TL;DR
Is Java Bulk api useful when I'm already implementing Java's Transport client?
For REST, I understand bulk can reduce load by saving on rest request overhead.
For Java, the transport client already maintains an open connection to the ES node, so what is the advantage of using java's bulk api over individual requests?
My cluster is on v2.1, I don't see Java bulk api documentation for version beyond 1.5, are we moving away from it as it's indifferent to individual requests?
If anything, it actually bundles up ES tasks to be queued, hence increasing the volatility(S.D) on # of tasks queued/second and thus more likely to get EsRejectionException because queue is filled.
Yes.
For Java, the transport client already maintains an open connection to the ES node, so what is the advantage of using java's bulk api over individual requests?

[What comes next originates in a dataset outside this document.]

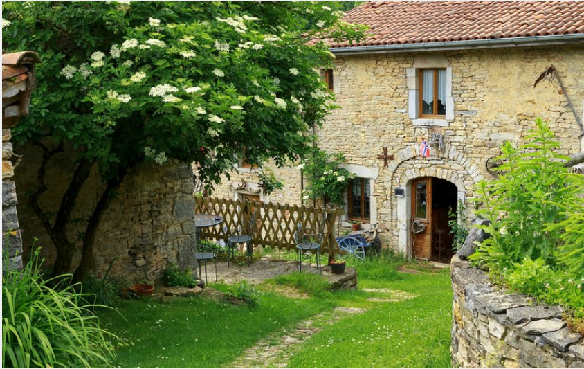
Maison dans Montagna-Le-Reconduit
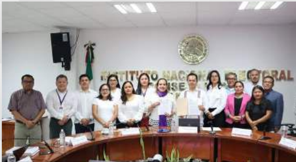
Firma de Convenio de Coordinación y Colaboración entre el INE y el IEPC Gro. 30 de enero.

Networking requests are cheap.
That's not the biggest gain though. In 2.x, by default Elasticsearch does an fsync
per request. Of course, these fsync
s hurt performance. But if you bundle a bunch of indexing operations into a single bulk request, you only pay the cost of the fsync
once and thus amortize the cost of the fsync
over multiple operations. This does make a tremendous difference to performance.
What is more, multiple in-flight bulk requests can share an fsync
. That is, if request A and request B arrive and complete and then a call to fsync
is made from the completion of A, the fsync
that would have been executed because of the completion of B is skipped.
The docs are available.
Indexing requests get queued too, and I'm really not sure what you're trying to say about volatility?